Key Responsibilities:

• Ensure adherence to GMP, SOPs, and regulatory standards across all production activities.
• Review and approve batch manufacturing and packaging records.
• Conduct line clearance checks before the start of production and packaging.
• Participate in internal audits, self-inspections, and external regulatory inspections.
• Investigate and report deviations, incidents, and non-conformances.
• Coordinate change controls, CAPAs (Corrective and Preventive Actions), and product complaints.
• Monitor and ensure implementation of environmental monitoring and calibration programs.
• Participate in supplier/vendor qualification and audits.
• Review validation protocols and reports (process, cleaning, equipment, etc.).
• Ensure the implementation and training of GMP and quality systems.
• Maintain QA documentation and manage document control processes.
• Support continuous improvement initiatives within the quality management system.

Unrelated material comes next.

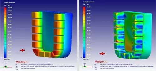 该案例中冷却通道十分长而且贴近模具表面,带来了极佳的冷却效果,使得模具周期减少了15%到45%,并且提高了最终产品的质量。
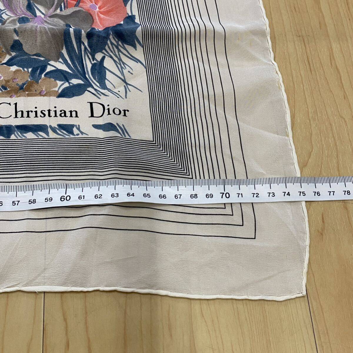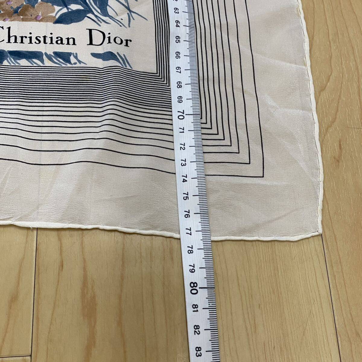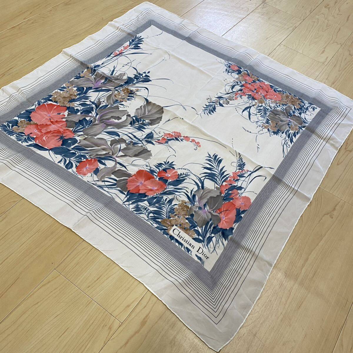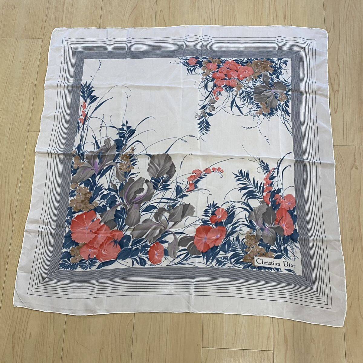 Christian Dior クリスチャンディオール スカーフ 花柄 寒色系 オフホワイト グレー  no.26

Qualifications and Experience:

• B.Pharm, B.Sc in Chemistry, Microbiology, Biochemistry, or related field.
• 2–5 years' experience in QA roles within a pharmaceutical manufacturing environment.
• Good knowledge of GMP, GDP, GLP, and regulatory requirements (e.g., NAFDAC,PCN
• Familiarity with quality systems (ISO, QMS, etc.).

Key Competencies:

• Attention to detail and analytical thinking.
• Strong documentation and communication skills.
• Ability to work independently and as part of a team.
• Proficiency in Microsoft Office and basic QA software tools.
• Problem-solving and decision-making abilities.